Our greatest threat is our only hope.
In the future, a strange fungus has changed nearly everyone into a thoughtless, flesh-eating monster. When a scientist and a teacher find a girl who seems to be immune to the fungus, they all begin a journey to save humanity.
ActorsStarring: Sennia Nanua, Gemma Arterton, Paddy Considine, Glenn Close, Fisayo Akinade, Anamaria Marinca, Anthony Welsh, Joe Lomas, Dominique Tipper, Eli Lane, Joel Sheldon, Will Brooks, Tessa Morris, Abigail Sams, Shay Gutteridge, Elizabeth-Anne Fuller, Callum Lloyd, Alicia Morris, Matthew Smallwood, Macey Ward, Amy Newey, Elise Reed, Joshua Smallwood, Lobna Futers, Stacey Lynn Crowe, Amy Floyd, Pete Buzzsaw Holland, A.k. Steppa, Alex Reed, Richard Price, Alexandria Wright, Ita O'Brien, Ria Lopez, Sean Evans, Ross Green, Daniel Jack Evans, Samantha Rushton, Pamela DeAbreu, Rayn Khan, Matt Adcock, Jim Macie, Daniel Eghan, Laura Marie Howard
I am admittingly not a fan of zombie movies. There are some great ones out there, but for the most part it’s more of the same. However, The Girl with All the Gifts is based on a very good book. And for the most part, the film manages to stay true to the book. There are some changes, some major and some minor, but it is relatively the same story. What really shifts is the tone, which was adjusted (by necessity) to better fit the film format. The change is by no means bad, but the story feels different played in this different light.
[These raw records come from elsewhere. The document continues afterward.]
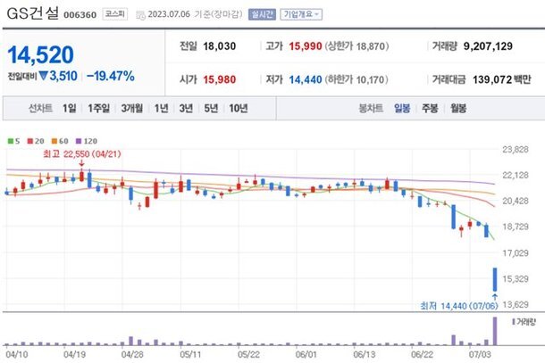 6일 한국거래소에서 GS건설은 전 거래일 대비 19.47%(3510원) 내린 1만4510원에 거래를 마쳤다. 52주 신저가를 기록한 것은 물론, 시가총액도 하루 만에 1조5430억 원에서 1조2426억 원으로 3000억 원가량 증발했다.
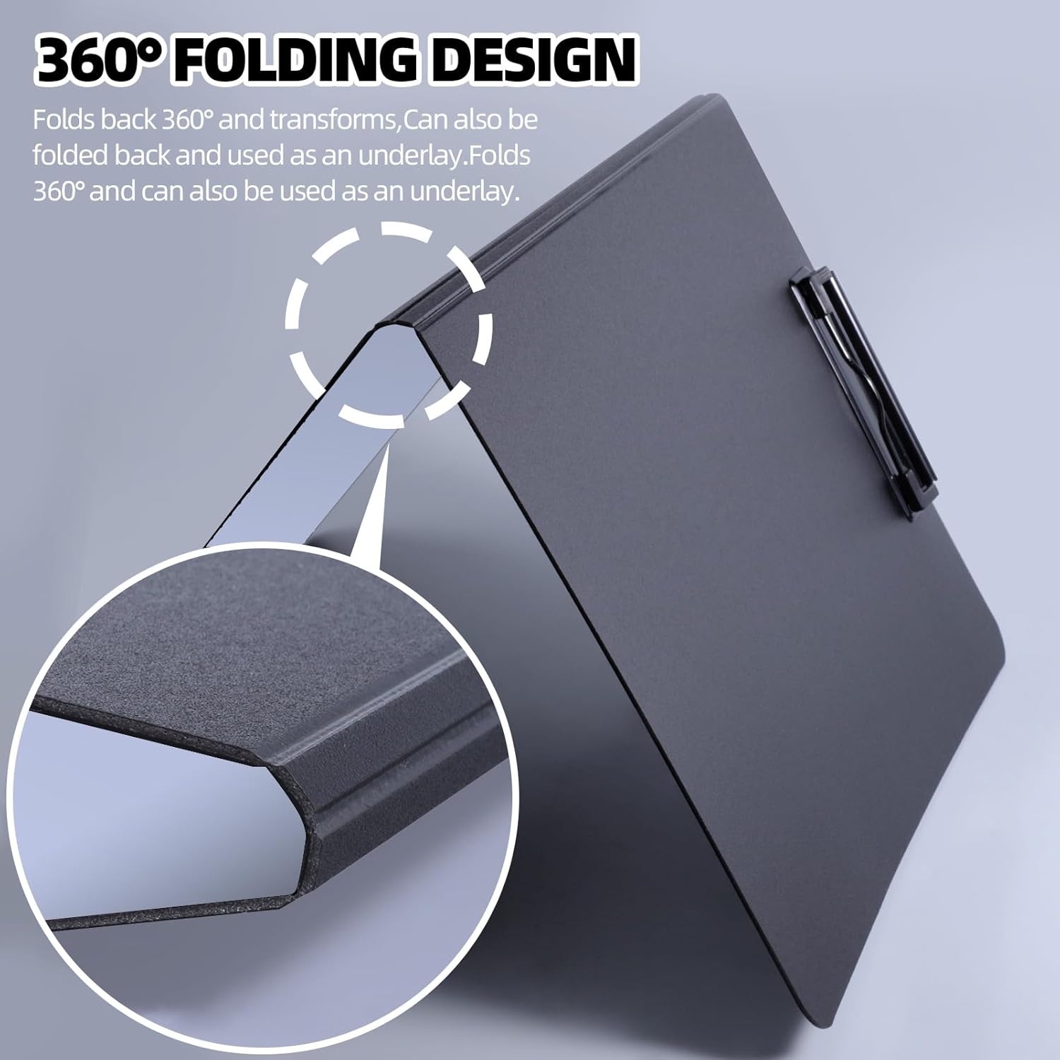 - Easy to use: This foldable clipboard can be folded 360 degrees without deformation; Horizontal and vertical two clips facilitate multi-angle use, 1.80 mm thick board provide a smooth writing experience; This clipboard with pen slot in the upper left corner; Rounded edges are sanded, won't hurt your hands
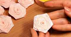 - После этого можно приступить к сборке розы. Берут клеевой пистолет, промазывают первый листочек и приклеивают к серединке. Так приклеивают все 13 лепесточков, чередуя их между собой, образуя замечательную и пышную розочку.
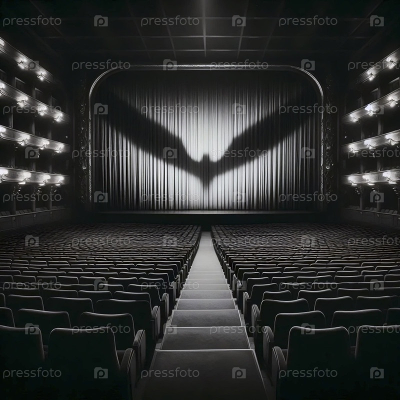 Широкий снимок из задней части пустой аудитории, подчеркивая масштаб и загадку, Ай создал образ
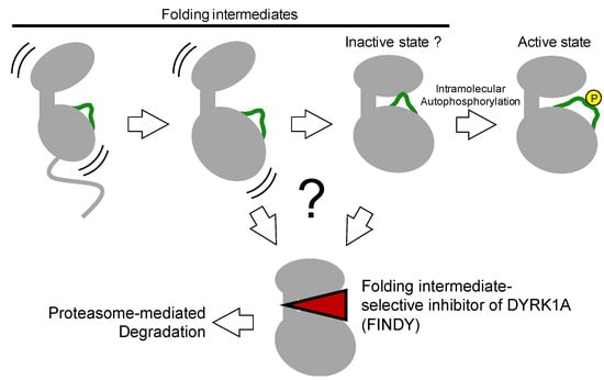 Graphical representation of the folding intermediate selective inhibition of the protein kinase DYRK1A by FINDY. FINDY selectively binds to the folding intermediate and inhibits the progression of the folding process, resulting in proteasome-mediated degradation in the cytoplasm. DYRK1A autophosphorylation has been demonstrated to be a one-off inceptive event required for activation [62,63]. Once the folding process is completed, DYRK1A cannot re-autophosphorylate. On the other hand, FINDY does not inhibit the fully folded form of DYRK1A, which corresponds to the active state. The intermediate state targeted by FINDY has not been clarified.
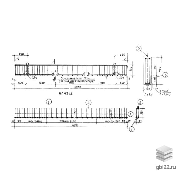 Перемычки ИП 48-12 – это железобетонные конструкции высокой прочности, обладающие продолговатой прямоугольной формой и сечением. Благодаря надежному армированию, они обеспечивают высокую несущую способность (до 1500 кг/м, включая собственный вес).
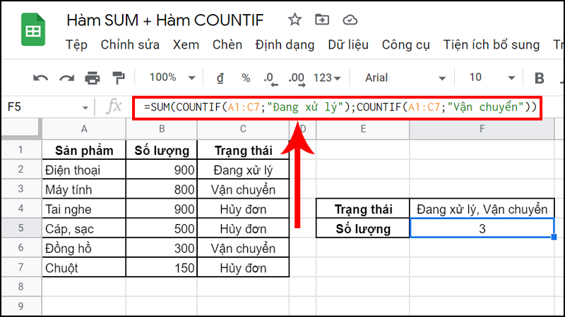 Ví dụ minh họa: Kết hợp hàm SUM và hàm COUNTIF để tính tổng số đơn hàng ở trạng thái Đang xử lý và Vận chuyển.
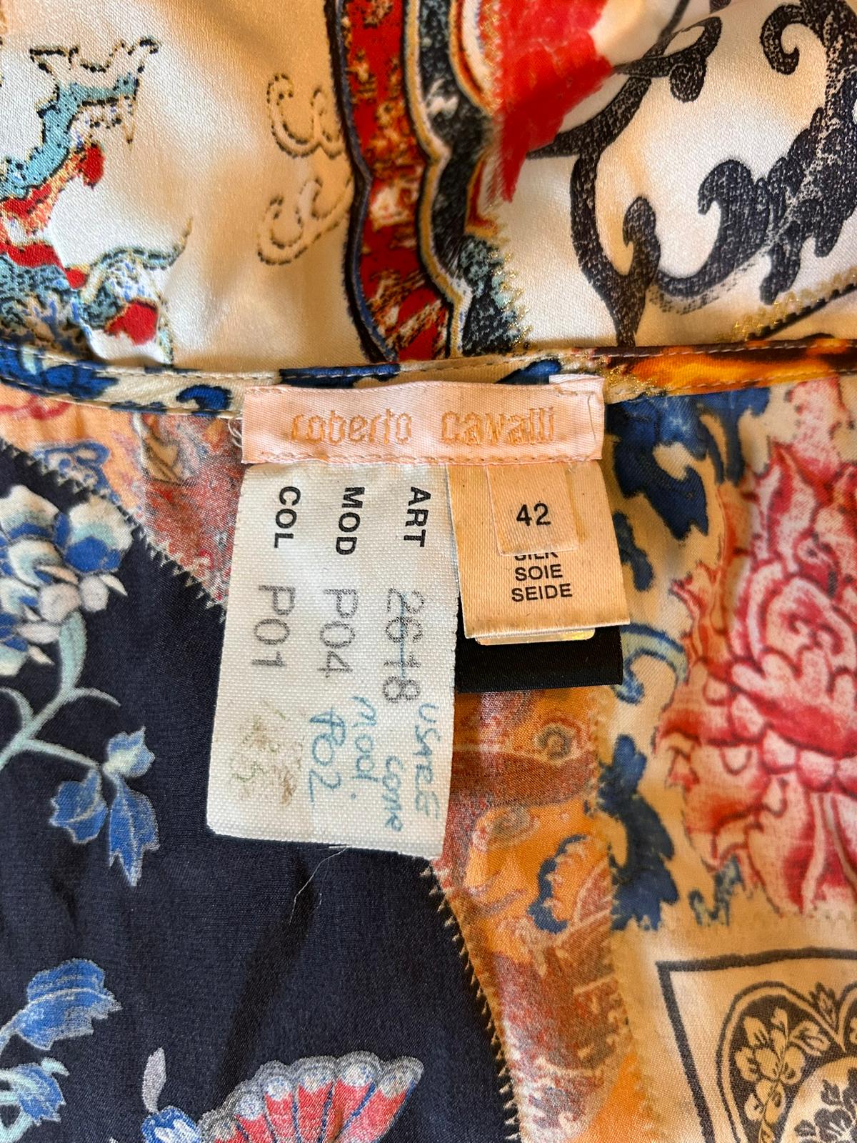 • Roberto Cavalli • Wrap-around shirt • Silk • Quilted collar and cuffs • Black silk belt • Unlined • Made in Italy

The most obvious change is the pacing. You go from a book that took me personally about 6½ hours to read to a 110-minute movie. The opening sequence of the book is a slow build-up that takes about 1/3 of the page count. As opposed to the movie where that whole sequence is completed in under 30 minutes, closer to 1/4 of the running time. And that is with a bunch of scenes and sub-plots being cut out on top of the faster pacing. The rest of the film follows similar pacing changes.
Then there is the tone. The book starts out from Melanie’s POV. We do see scenes excluding her, more often as the book goes on, but it primarily focuses on her. The wording used is being given by a kid. Even though we know the world is dreary and bleak now, we are still seeing it through the bright eyes of a child. The movie does not, really cannot, do that. The audience gets a full, direct visual of how messed up all this is from the very first frame. That level of post-apocalypse bleakness is a lot more direct thanks to the visual element.
And then there are the story changes. Anytime a book is adapted to a film, this happens. And for The Girl with All the Gifts, it is pretty low-key. The changes could have been much, much worse. There are two major changes, the first of which is a character’s backstory being cut. It was not necessarily essential to the plot, but it would have helped a lot. The other big change was the ending. While the end result is ultimately the same, the way it plays out is a bit darker. It is pretty equal in quality compared to the book, but some people seem to prefer one vs. the other. Overall, The Girl with All the Gifts is one of the better book adaptations out there and a great way to experience this story if you do not want to read through a slow-burn horror novel.